Hours after the benefit, you put up pictures and tagged everyone in them. One caption read: “Jami and Janelle could only stop by my benefit for a few minutes because I guess they had something else to do. But I was glad they could spare a few minutes for me.” Smiley face with sunglasses.
You started chemotherapy right away. Of course you did; there was no time to lose. You posted a picture of yourself in a hospital gown with an IV in your arm. The caption was simple: CHEMO. All caps. In the picture, you looked proud and defiant and brave. Happy, even.
If it came from anybody else, the CHEMO picture might have seemed weird or inappropriate, but you didn’t do anything without posting pictures. When you fell last year and got that horrible scrape, you posted pictures of the road rash still studded with gravel. When the scrape became infected, you posted pictures of the pus. When the pus photo didn’t get enough likes, you posted a picture of a thermometer reading 101.9. You said you knew you should probably go to the hospital, but you were tired of hospitals, tired of doctors, tired of your body betraying you. You didn’t even know how you’d drag yourself to the ER, and nobody was around to help you get there. But if it would make people feel better, you’d go.
And it’s a good thing you went, too. The doctors said you could have lost your leg. They kept you overnight and put you on antibiotics and warned you not to be such a tough guy next time. But you can’t help it; you’re used to ignoring your pain. They released you in the morning, AMA, but only because you insisted.
(AMA, by the way, means Against Medical Advice. You know a lot of lingo. You always salted your speech with acronyms and abbreviations and technical terms. It kept people from fully understanding what was going on. Then you were frustrated that people didn’t understand what was going on. You wished there were some way for people to experience what you were going through from the inside. Then they’d understand.)

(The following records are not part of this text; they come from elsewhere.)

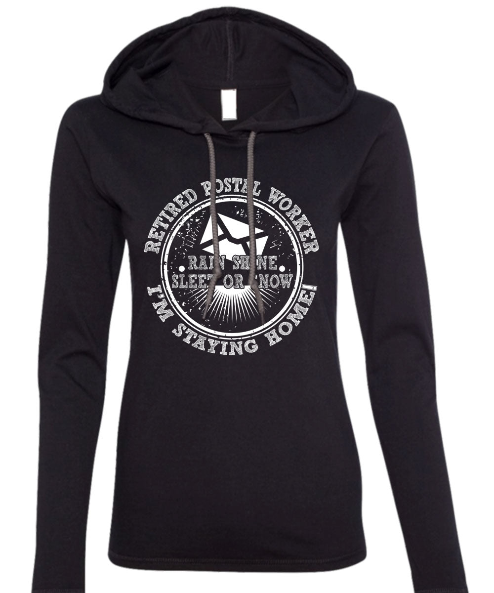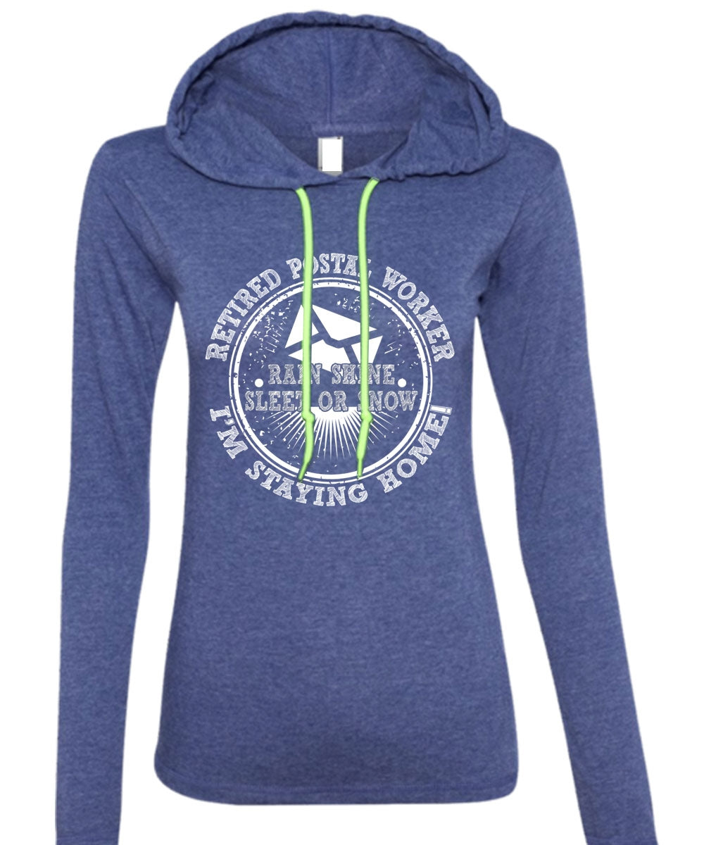Retired Postal Worker T Shirt, I'm Staying Home T Shirt (Anvil Ladies Ringspun Hooded)
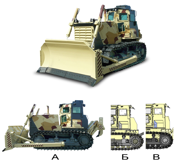 Минимальная переделка базового трактора (меняется колпак кабины, капот, устанавливается дополнительная защита на ряд узлов, усиливается подвеска (амортизаторы) кабины). Возможна установка спецкомплекта защиты на базовый трактор в местах эксплуатации. Единый спецкомплект защиты для тракторов типа Т10 и Т12.
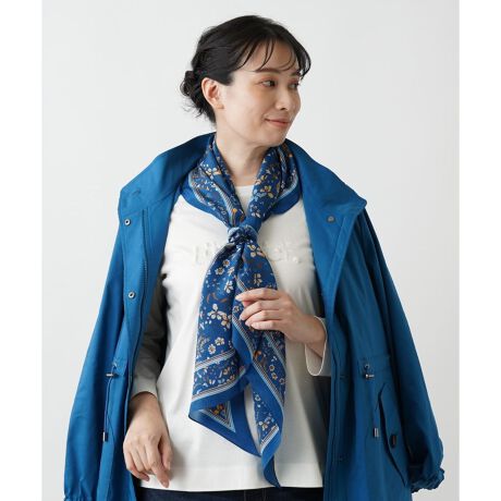 巻き方一つでコーディネートが何倍にも楽しくなるデザインスカーフ。滑らかな光沢を持つ上質な繊維ならではのとろみのある素材感で、首元から華やかなスタイリングを演出します。
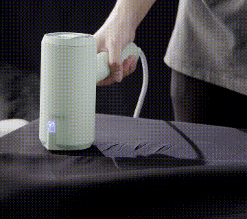 而且,它还可以直接当电熨斗来用。但不用熨烫板,只要把衣服平放在桌面上,就能用它给衣服定型,非常方便。
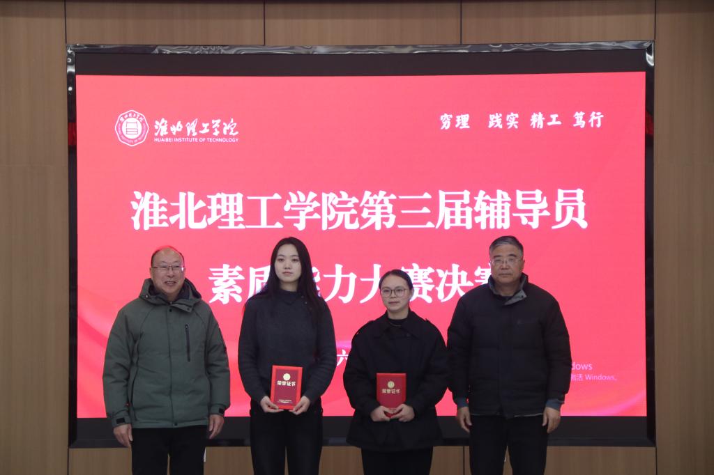 根据基础知识测试、学情熟知、案例研讨、谈心谈话四个环节的综合得分,经济与管理学院徐瑞鲜、王雪芃荣获一等奖,电子与信息工程学院王云月等3名辅导员荣获二等奖,教育学院郭鸿鑫等4名辅导员荣获三等奖。与会评委为获奖选手颁奖。
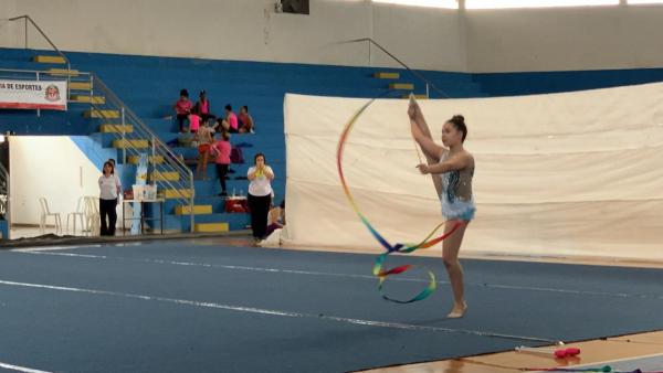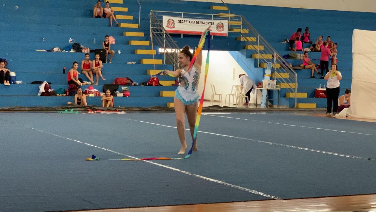 O primeiro pódio de Guarulhos nos Jogos Abertos do Interior veio na noite desta quarta-feira (13) na ginástica rítmica. A ginasta Ester dos Anjos conquistou a medalha de prata na fita, um dos aparelhos da modalidade, com a nota de 14,800.
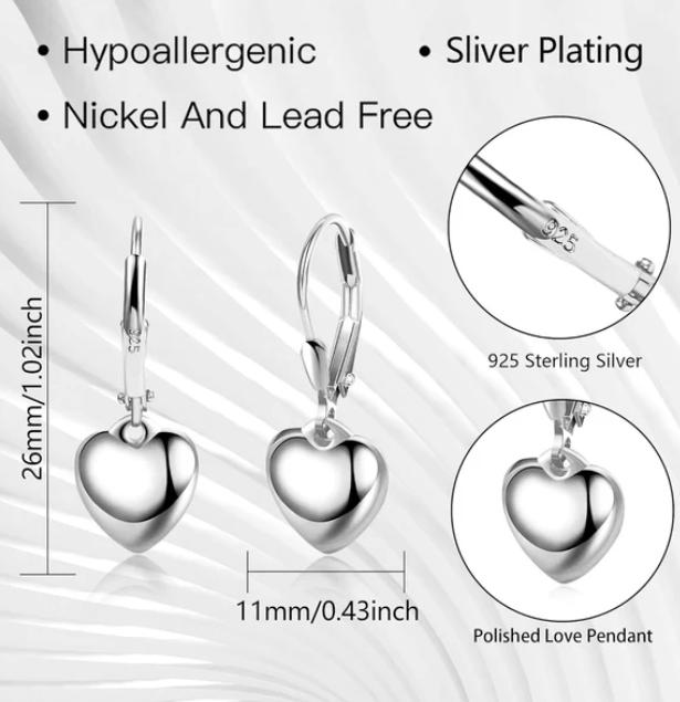 925 Sterling Silver Heart Dangle Earrings for Women Silver Dangle Earrings Hypoallergenic Love Heart Dangle Drop Earrings for Gifts #OWK007
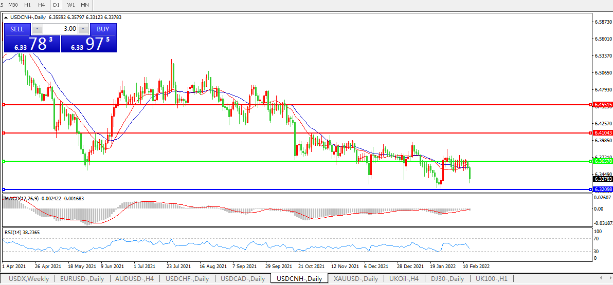 备选策略:在6.3650之上,看涨,目标价位为6.4100,然后为6.4550。
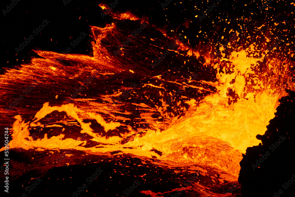 Close-up exploding lava - Erta Ale Lava Lake after sunset, Danakil Depression, Afar Region, Ethiopia #512504744
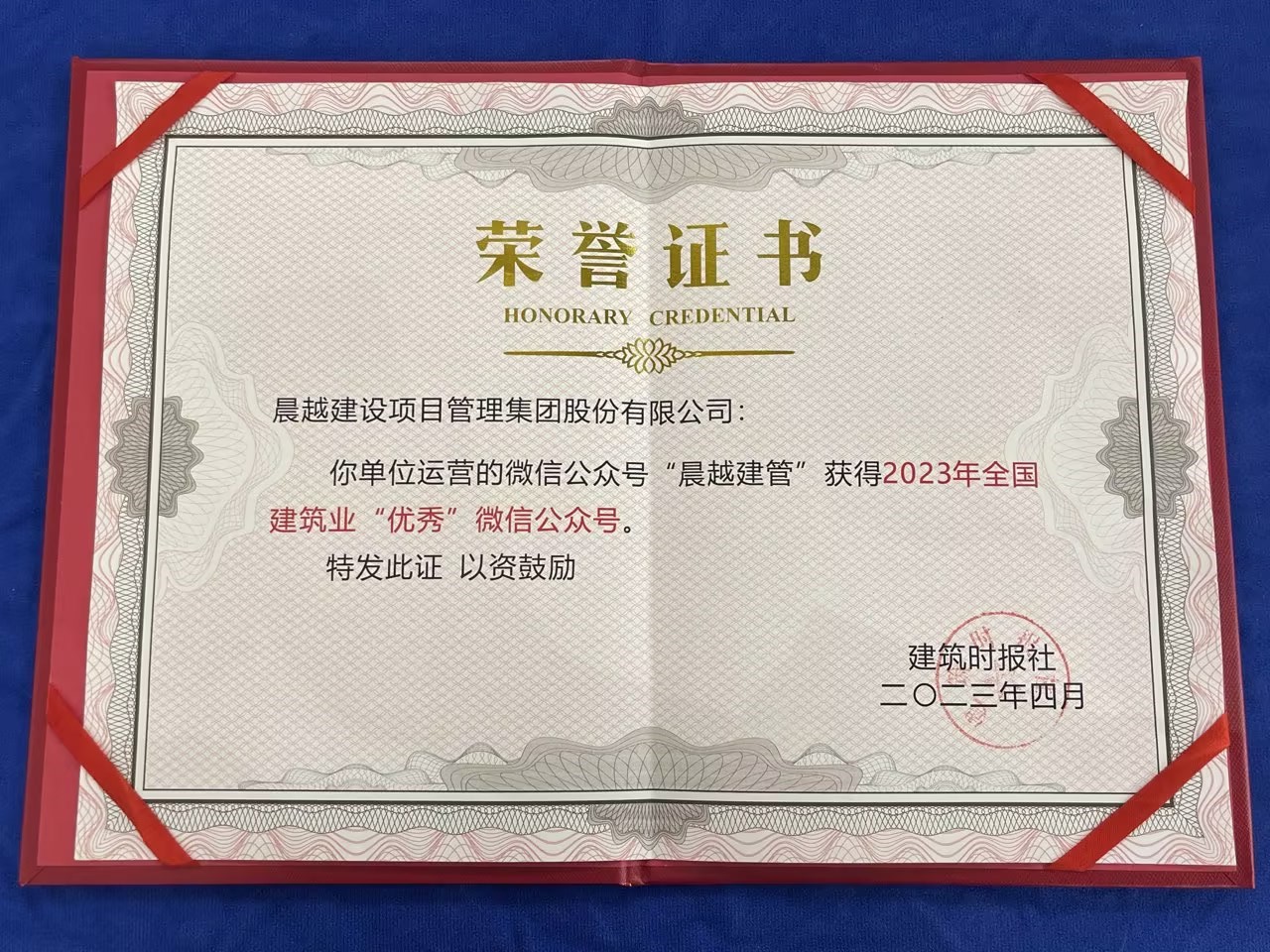 4月20日,由建筑时报社主办的“2023建筑业微信公众号运维经验交流研讨会暨全国建筑业优秀公众号颁奖典礼”在广西南宁召开。集团运营的官方微信公众号“晨越建管”获得2023年全国建筑业优秀微信公众号。
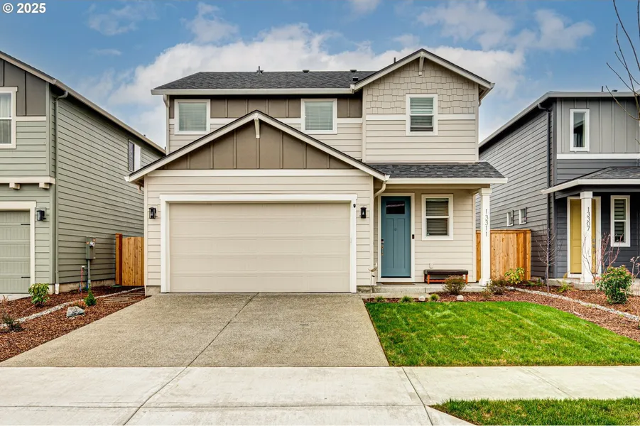 Stunning upgraded 2024 home! Located in a beautiful neighborhood with quick access to Padden Pkwy & highways, plus a neighborhood paved walking trail, park, and dog park. Fully landscaped backyard. HOA-maintained front yards for effortless curb appeal, this 3-bed, 2.5-bath beauty is designed for comfort and style. The open-concept great room flows into a sleek kitchen featuring quartz counters, under-cabinet LED lighting, pot filler and a beverage cooler. Enjoy 9' ceilings, full laminate flooring on the main level, and 2" white faux wood cordless blinds. Thoughtful smart home features include a WiFi thermostat, whole-home surge protection, a WiFi garage door opener, and a dedicated circuit for a future EV charger. Fridge, washer & dryer included-move right in! Solar-ready pre-wire ensures a sustainable future. With plenty of space for family and entertaining, this home is the perfect ble...
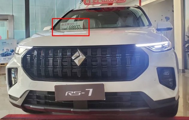 易车讯 今日,我们从相关渠道获悉,上汽通用五菱新宝骏RS-7(配置|询价)的经销商展车图已经曝光,该车已经到店,最快2021年上半年上市,从展车价格可以看出,新宝骏RS-7的疑似价格为16.88万元,该车型预计为顶配版本,此前新宝骏RS-7实车已经于去年6月的重庆车展亮相,该车采用最新家族式设计语言,将提供6座/7座版本供选择,动力方面将搭载1.5T发动机。
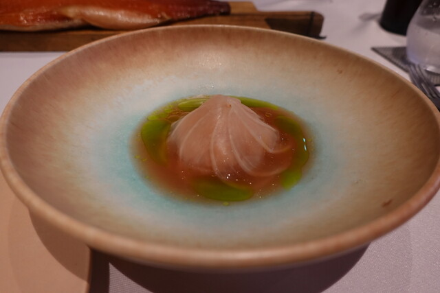 火入れして周りを削ぎ落とした柔らかい部分のスライス、3週間発酵させた蕪のスライス、1、2ヶ月発酵させた2種類のトマトの酢、ざくろ、生のいちじくの葉で作ったオイルを合わせたソース 、1ヶ月寝かした生のサーモンと3年目の奈良漬、燻製したサーモンの表面、発酵させた金柑の皮、すぶりの塩漬け
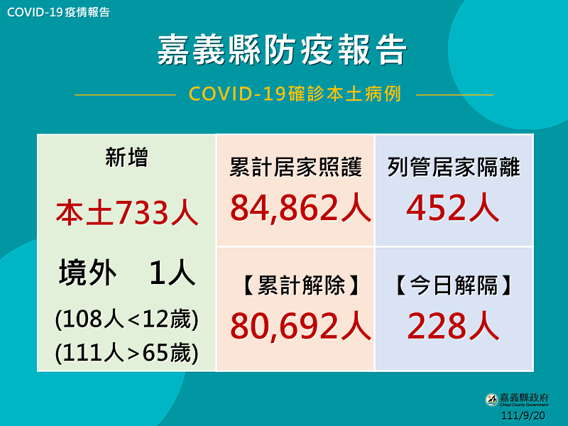 (中央社訊息服務20220920 18:02:44)嘉義縣20日公布734人確診(含境外1人),其中有症狀149人,無症狀585人。年齡介於5月至93歲,12歲以下108人,65歲以上111人。累計全縣12歲以下染疫幼童11,789人,65歲以上12,366人,目前居家隔離452人,輕症居家照護4,170人。
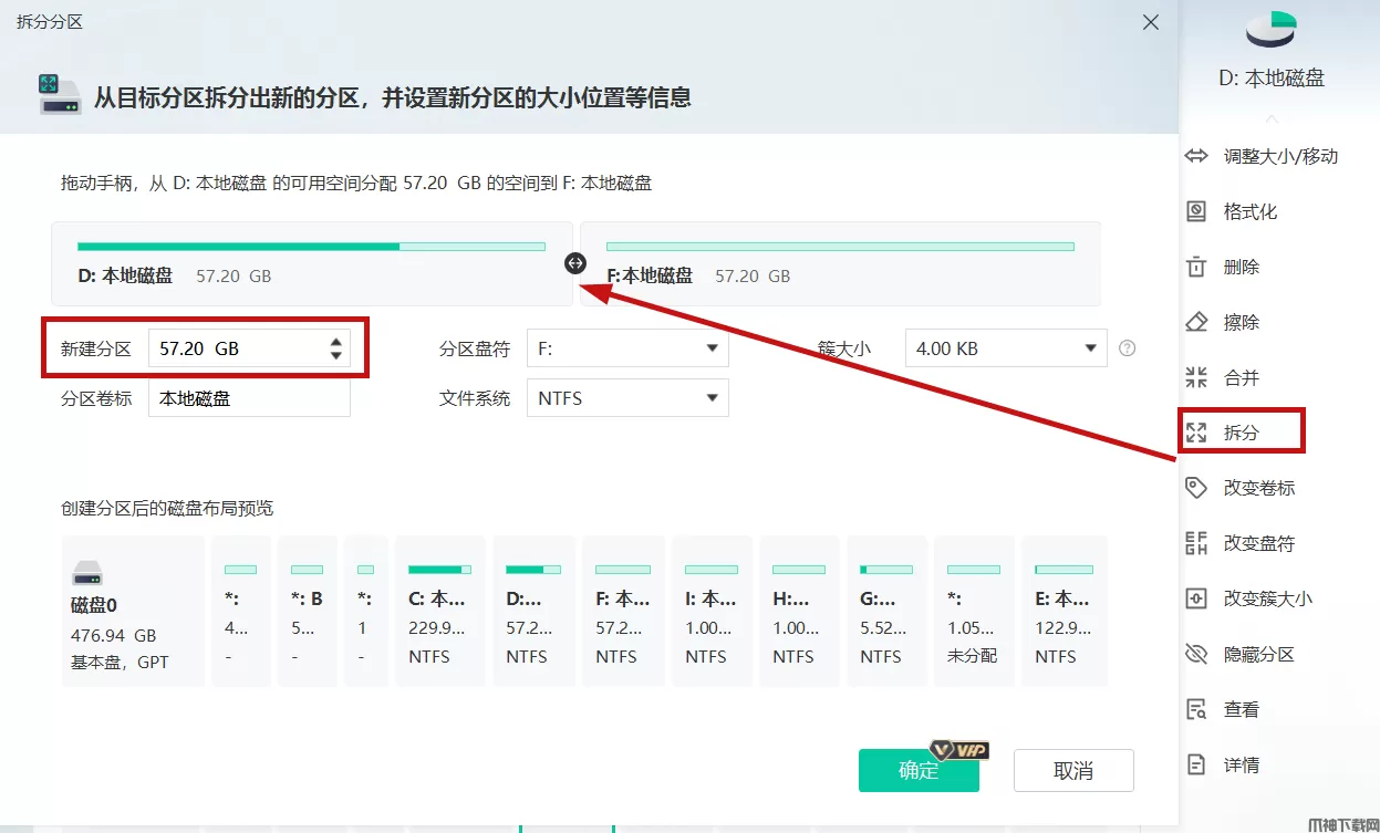 如下图,选择D盘,点击右侧拆分操作,同样的可以拖动分区条或者手动设置拆分出去的盘的空间大小,可以为其选择一个盘符,例如F盘,这样拆分后就可以得到一个新的磁盘分区了。选择后我们点击确定按照步骤执行就可以啦

You were so grateful you didn’t lose a leg. You’ve experienced a lot of suffering in your life; you didn’t know what you’d do if you were asked to shoulder any more. You might even…
…
You wouldn’t, you assured your friends. You would never do that, not after losing someone you loved that way – your beloved friend Greg, who’d hung himself in high school after coming out to his parents. You were active in raising suicide awareness online, so others didn’t have to suffer like Greg did. Like you did. No, you’d never leave like that; you’d never ever ever ever do that to the people you loved. Even if sometimes it felt like they didn’t love you back.
You couldn’t be blamed, though, for considering it. What with everything you’d been through.
One crisis after another. The car accident led to neurological after-effects, which led to absences from work, which led to everyone at work hating you, which led to someone – probably a co-worker – harassing you online, which led to needing your shrink to up your meds, which led to an argument with your shrink because she wouldn’t up your meds, which caused the shattering of your trust in the entire human race because the one person you thought you could count on was abandoning you, now, of all times, right around the anniversary of The Incident, a.k.a., What Happened To You, which was always a terrible time of year.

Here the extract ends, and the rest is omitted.